Next-Generation LNP for mRNA-based Therapeutics

At the conference, Acuitas’ Chief Scientific Officer, Dr. Ying Tam, showcased the company’s Next-Generation LNP advancements, a comprehensive approach that uses multiple technologies and strategies to improve all aspects of LNP utility and applicability – from potency, safety, extrahepatic targeting, to manufacturing.

The advancements were featured in an oral presentation titled "Next-Generation Lipid Nanoparticles for Clinical Development of mRNA-based Therapeutics." The presentation detailed Acuitas’ efforts in advancing mRNA-LNP beyond current clinical standards and broadening the range of diseases these therapies can treat. Key highlights of the presentation include:

Novel LNP candidates engineered for significantly improved potency, as high as a four-fold increase for some cases, in gene editing and vaccine applications.
Optimized lipid structures reduced liver exposure, leading to increased tolerability, lowered liver enzymes, while preserving therapeutic activity in mice.
DARPin-conjugated LNP candidates that achieved highly targeted delivery to immune cells (T-lymphocytes), with a long-circulating format further enhancing uptake efficiency and expression levels.
Mucous penetrant mRNA-LNP candidates capable of extrahepatic delivery to airway epithelial cells in cystic fibrosis lung models, enabling effective gene editing compared to control LNP.
An alternative LNP manufacturing approach, called pre-formed vesicles (PFV), with equivalent potency to standard benchmark manufacturing methods, offered significant improvements in cost, storage, distribution, and flexibility of LNP manufacturing, especially for personalized mRNA-LNP therapies.
Additional Posters Presented

In addition to its lead presentation, Acuitas also showcased three posters that elucidated the mechanics of LNP delivery and assessed its existing slate of lipids, as well as explored novel options for future formulations.

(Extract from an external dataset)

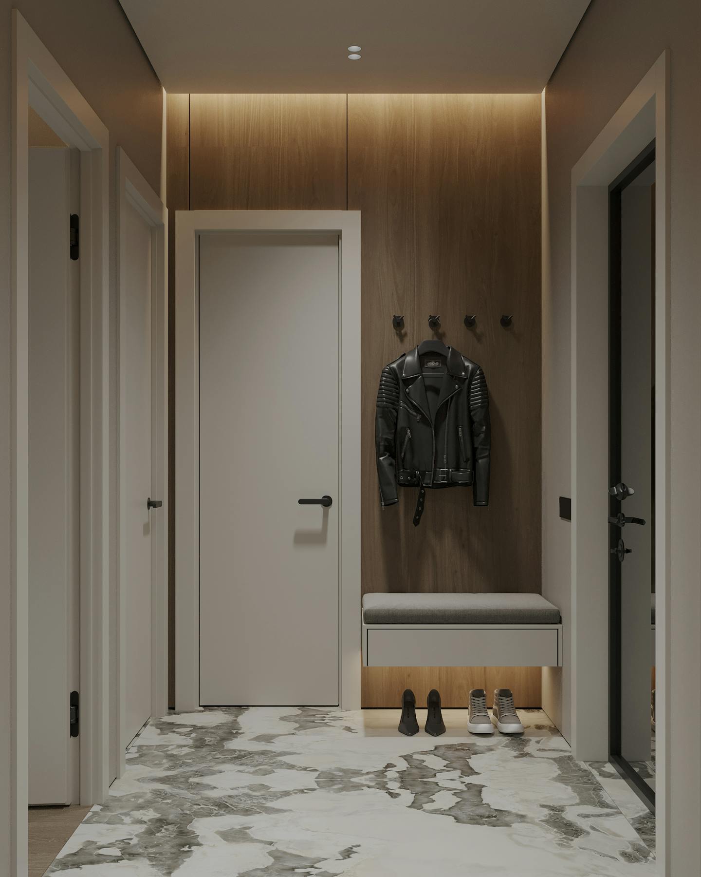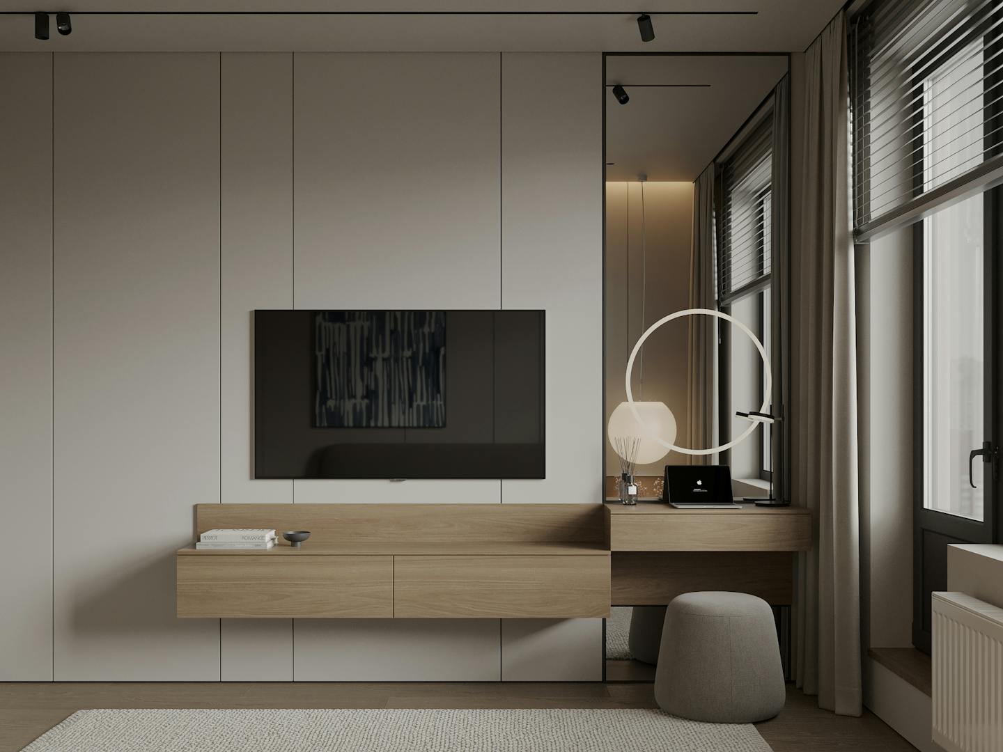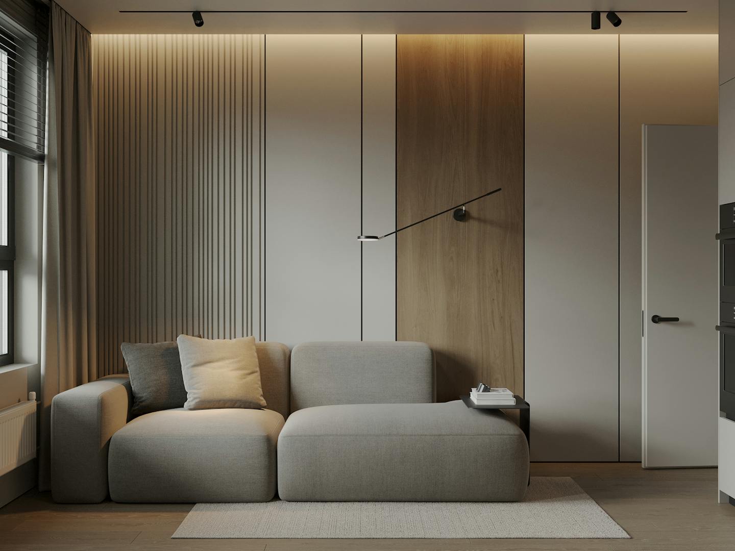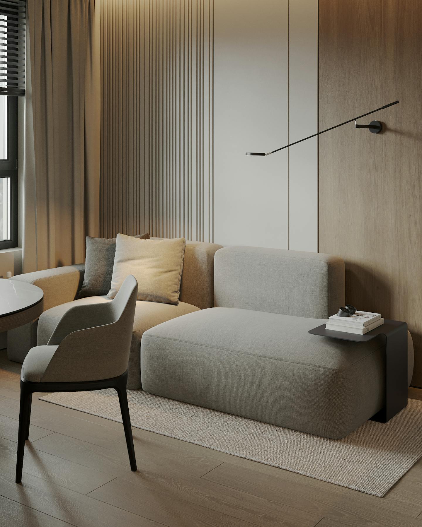 Основная идея проекта — создание интерьера в современном стиле с использованием нейтральных светлых оттенков. Для придания теплоты и уюта используются элементы из дерева и теплая подсветка.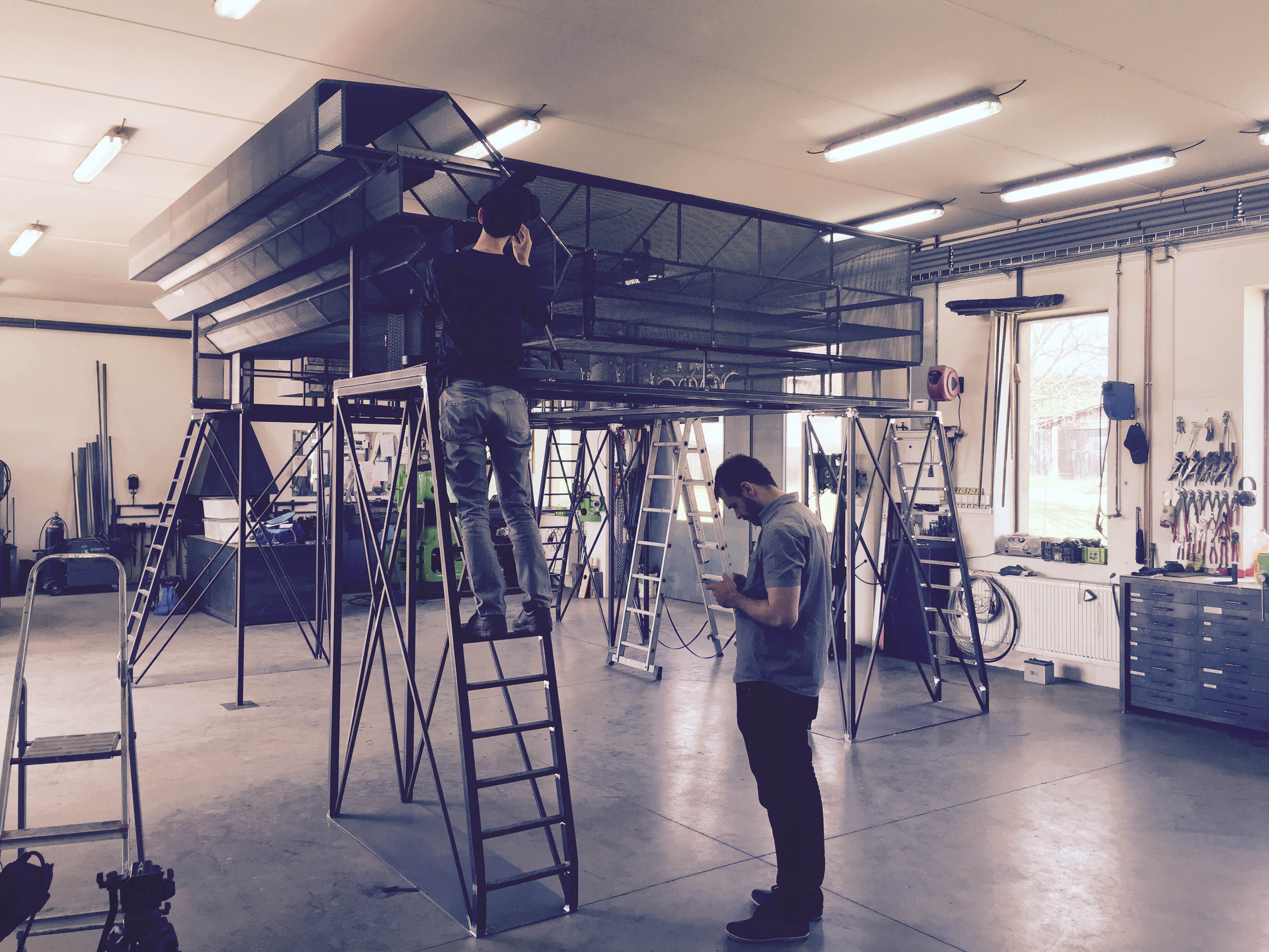 Tento projekt vznikol v spolupráci ateliéru Petra Hájka s Vítom Haladom a ateliéru Jána Studeného s Benjamínom Brádňanským (Katedra architektonickej tvorby VŠVU) a teoretika architektúry Mariána Zervana (Katedra teórie a dejín umenia Trnavskej univerzity a VŠVU). Ďalej sa rozvinul aj v spolupráci s komisárkou výstavy za SNG, teoretičkou architektúry Monikou Mitášovou (Katedra teórie a dejín umenia TU). Autori projekt predstavili aj na tlačovej konferencii v Slovenskej národnej galérii dňa 19. 5. 2016 spolu s dielami prizvaných umelcov vystavených v pavilóne, ktoré sa zaoberajú areálom či budovou SNG.

Applying Clinically Approved ALC-315 in Cancer Vaccines

Acuitas’ ALC-315 ionizable lipid — used in the Pfizer-BioNTech COVID-19 vaccine (COMIRNATY) — was assessed for its cancer vaccine development potential. The research directly compared Acuitas’ LNP to lipoplexes and evaluated modified mRNA against the unmodified mRNA predominantly used in current cancer vaccine trials. Key highlights of this data include:

Using LNP comprised of ALC-315, unmodified RNA induced a stronger antigen-specific CD8 T-cell response compared to a nucleoside-modified mRNA incorporating N1methylpseudouridine-encoding OVA payload as a model tumour antigen, while maintaining strong immunogenicity at one-tenth of the initially tested dose.
Using LNP comprised of ALC-315, mRNA delivered intramuscularly induced equal or superior cellular and humoral immunity compared to intravenously (IV) administered mRNA lipoplexes – an alternative mRNA cancer vaccine format in clinical development – despite mRNA lipoplexes being administered at four-fold higher doses and with more boosts.
Several potent novel proprietary lipids were identified that achieved equivalent cellular responses to ALC-315. Further assessment will be conducted to compare potency and activity using syngeneic neoantigen models.
Novel Lipids with Improved Activity for Prophylactic Vaccine Development

Acuitas identified and validated six novel lipids that induce higher virus-specific immunogenicity compared to ALC-315. Key findings related to these novel lipids include:

The six novel lipid candidates induced equivalent neutralizing antibody titres at a five-fold lower dose than ALC-315.
The lipid candidates demonstrated favorable reactogenicity profiles comparable to ALC-315, while eliciting stronger cellular- and B-cell responses.
Innate immune responses induced by LNP correlated with their reactogenicity, but not with adaptive and innate immune responses.
Several lipid candidates achieved higher in vivo expression in secondary lymphoid organs and reduced liver expression compared to ALC-315.
Impact of Body Weight and Medications on mRNA-LNP Safety in Monkeys

As the industry continues using larger nonhuman primates in translational work, Acuitas sought to understand how body weight, premedications (steroid, H1 and H2 blockers), and concomitant medications (meloxicam) impact LNP activity and tolerability. The study was conducted in monkeys using an IV-administered mRNA-LNP encoding human IgG. Key highlights of this data include:

LNP tolerability is reduced in larger monkeys (>6 kg).
Premedications helped reduce the elevation of liver transaminases.
Premedications improved tolerability but reduced the level of IgG mRNA expression.
Platelet count decreases were greatest in large monkeys and monkeys given meloxicam.
More information on posters presented at the mRNA Health Conference and Vaccine R&D Conference can be found here.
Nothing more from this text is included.